## Activity
Extract every record, exactly as written, and ignore the pictures.

## Dataset entries

+===+

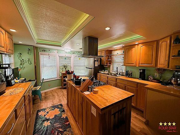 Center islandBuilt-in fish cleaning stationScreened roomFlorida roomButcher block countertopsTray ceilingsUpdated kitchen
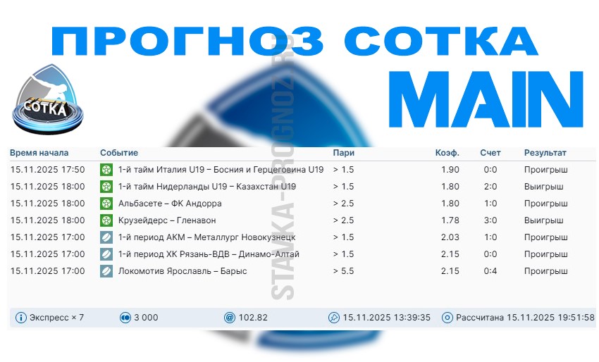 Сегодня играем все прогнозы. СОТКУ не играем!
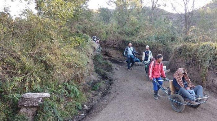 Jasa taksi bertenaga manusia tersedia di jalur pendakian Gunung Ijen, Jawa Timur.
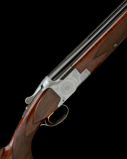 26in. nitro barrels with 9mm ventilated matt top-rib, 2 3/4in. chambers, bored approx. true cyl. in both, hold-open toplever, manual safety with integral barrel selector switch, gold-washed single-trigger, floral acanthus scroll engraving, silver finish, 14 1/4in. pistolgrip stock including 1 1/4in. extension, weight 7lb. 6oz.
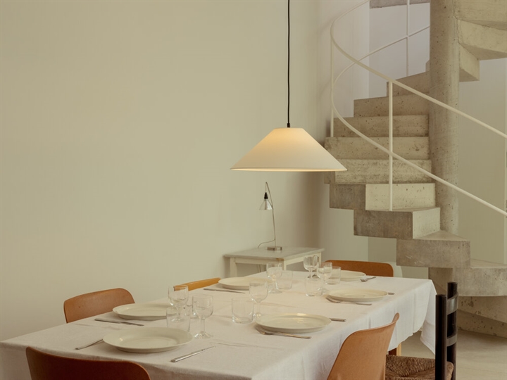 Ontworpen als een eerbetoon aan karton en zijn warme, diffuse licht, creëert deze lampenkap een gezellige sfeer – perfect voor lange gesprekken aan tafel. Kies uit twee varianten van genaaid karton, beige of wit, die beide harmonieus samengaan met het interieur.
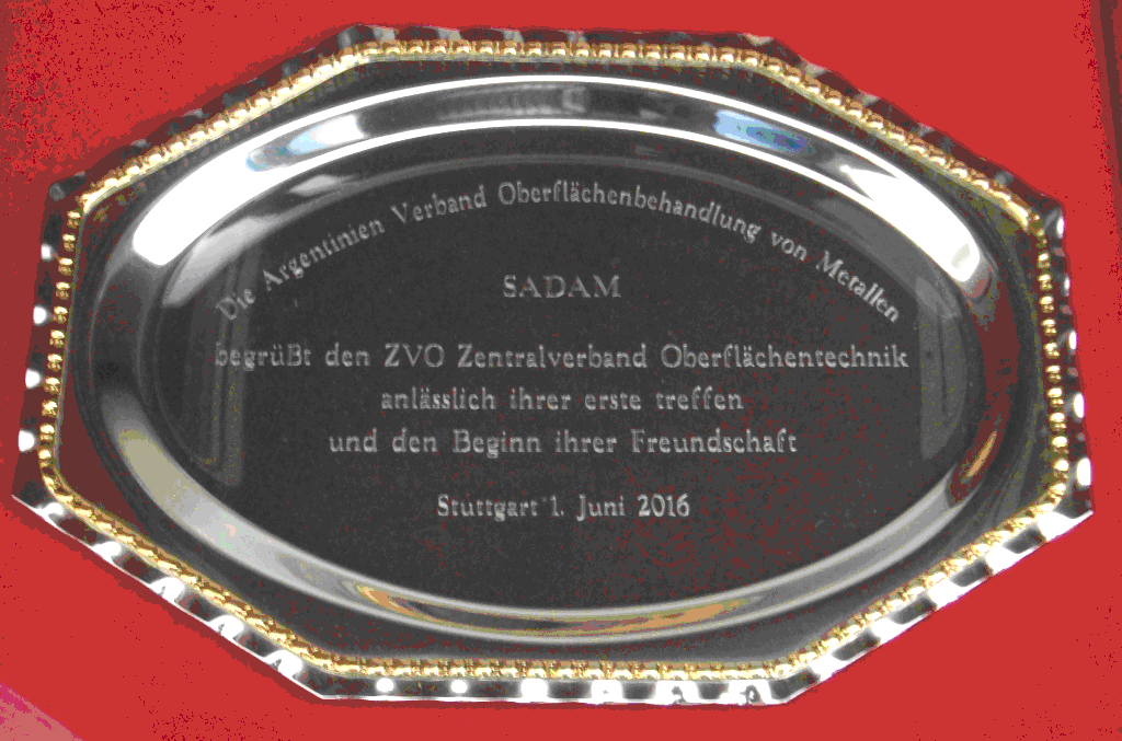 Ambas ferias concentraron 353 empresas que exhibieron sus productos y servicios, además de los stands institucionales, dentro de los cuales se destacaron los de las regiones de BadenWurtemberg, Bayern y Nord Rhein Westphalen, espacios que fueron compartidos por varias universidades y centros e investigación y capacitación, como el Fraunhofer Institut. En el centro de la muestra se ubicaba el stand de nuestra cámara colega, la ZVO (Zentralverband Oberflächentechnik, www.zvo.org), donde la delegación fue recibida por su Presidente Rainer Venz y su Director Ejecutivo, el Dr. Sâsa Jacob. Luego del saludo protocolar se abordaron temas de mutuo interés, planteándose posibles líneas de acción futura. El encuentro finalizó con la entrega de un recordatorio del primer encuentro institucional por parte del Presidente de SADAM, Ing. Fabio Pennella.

+===+

## Result of this exercise
 Center islandBuilt-in fish cleaning stationScreened roomFlorida roomButcher block countertopsTray ceilingsUpdated kitchen
 Сегодня играем все прогнозы. СОТКУ не играем!
 Jasa taksi bertenaga manusia tersedia di jalur pendakian Gunung Ijen, Jawa Timur.
 26in. nitro barrels with 9mm ventilated matt top-rib, 2 3/4in. chambers, bored approx. true cyl. in both, hold-open toplever, manual safety with integral barrel selector switch, gold-washed single-trigger, floral acanthus scroll engraving, silver finish, 14 1/4in. pistolgrip stock including 1 1/4in. extension, weight 7lb. 6oz.
 Ontworpen als een eerbetoon aan karton en zijn warme, diffuse licht, creëert deze lampenkap een gezellige sfeer – perfect voor lange gesprekken aan tafel. Kies uit twee varianten van genaaid karton, beige of wit, die beide harmonieus samengaan met het interieur.
 Ambas ferias concentraron 353 empresas que exhibieron sus productos y servicios, además de los stands institucionales, dentro de los cuales se destacaron los de las regiones de BadenWurtemberg, Bayern y Nord Rhein Westphalen, espacios que fueron compartidos por varias universidades y centros e investigación y capacitación, como el Fraunhofer Institut. En el centro de la muestra se ubicaba el stand de nuestra cámara colega, la ZVO (Zentralverband Oberflächentechnik, www.zvo.org), donde la delegación fue recibida por su Presidente Rainer Venz y su Director Ejecutivo, el Dr. Sâsa Jacob. Luego del saludo protocolar se abordaron temas de mutuo interés, planteándose posibles líneas de acción futura. El encuentro finalizó con la entrega de un recordatorio del primer encuentro institucional por parte del Presidente de SADAM, Ing. Fabio Pennella.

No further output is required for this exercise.